TASK TO CARRY OUT:
Give back an exact copy of the lines in the records below, from the line that has "アクセア名古屋駅前広小路通り" through the line that has "Hukoro 2-pack 1-Light", and nothing besides.

** AVAILABLE DATA follows **

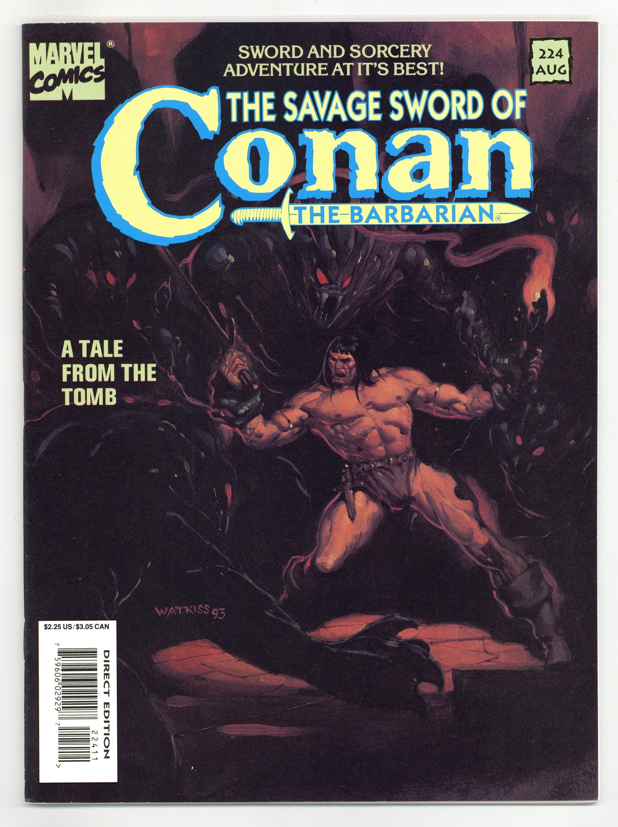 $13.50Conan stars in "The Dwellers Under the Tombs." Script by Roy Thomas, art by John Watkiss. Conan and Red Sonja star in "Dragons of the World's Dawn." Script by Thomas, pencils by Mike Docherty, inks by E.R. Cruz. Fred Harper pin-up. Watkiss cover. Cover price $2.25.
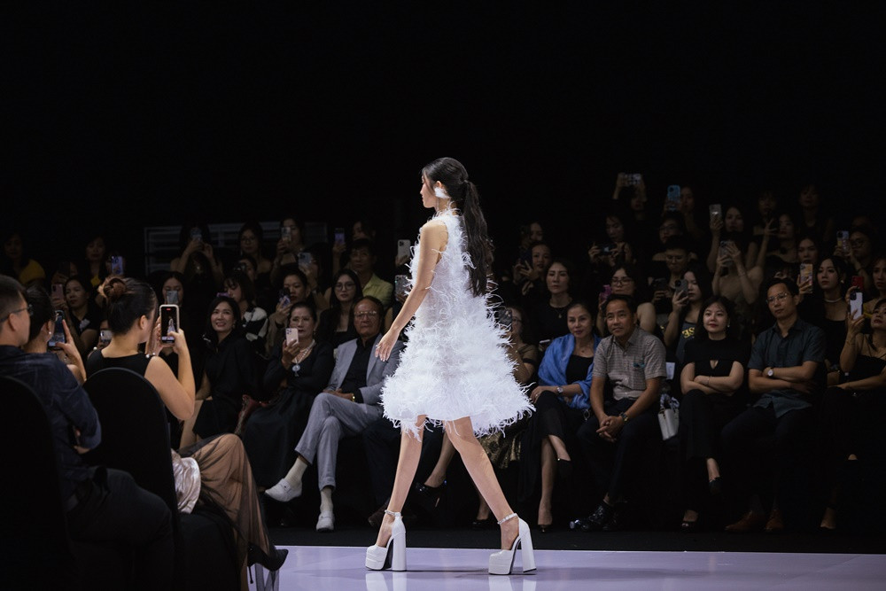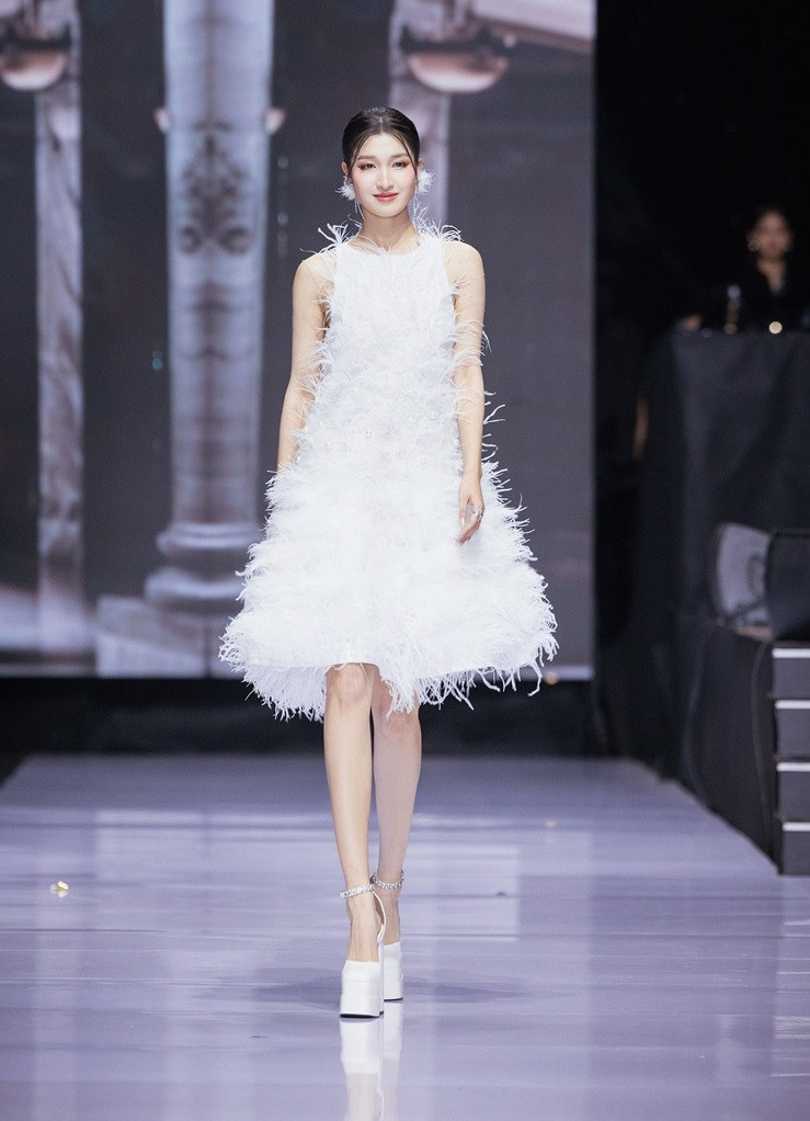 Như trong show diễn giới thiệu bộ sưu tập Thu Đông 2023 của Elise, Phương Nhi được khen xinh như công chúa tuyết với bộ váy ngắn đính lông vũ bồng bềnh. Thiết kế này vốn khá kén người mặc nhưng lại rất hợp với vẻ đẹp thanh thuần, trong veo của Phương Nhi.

** End of AVAILABLE DATA **
** AVAILABLE DATA follows **

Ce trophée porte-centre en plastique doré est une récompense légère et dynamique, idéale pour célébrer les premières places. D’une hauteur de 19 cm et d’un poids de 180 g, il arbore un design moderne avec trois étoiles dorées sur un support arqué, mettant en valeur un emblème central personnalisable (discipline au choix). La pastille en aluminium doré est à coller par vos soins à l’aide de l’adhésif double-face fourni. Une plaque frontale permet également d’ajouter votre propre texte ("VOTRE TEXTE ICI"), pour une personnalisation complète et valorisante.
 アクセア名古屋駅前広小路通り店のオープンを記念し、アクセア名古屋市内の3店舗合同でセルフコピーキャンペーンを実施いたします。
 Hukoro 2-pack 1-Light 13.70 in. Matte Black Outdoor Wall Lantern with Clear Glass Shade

** End of AVAILABLE DATA **

SOLUTION FOR THIS TASK:
 アクセア名古屋駅前広小路通り店のオープンを記念し、アクセア名古屋市内の3店舗合同でセルフコピーキャンペーンを実施いたします。
 Hukoro 2-pack 1-Light 13.70 in. Matte Black Outdoor Wall Lantern with Clear Glass Shade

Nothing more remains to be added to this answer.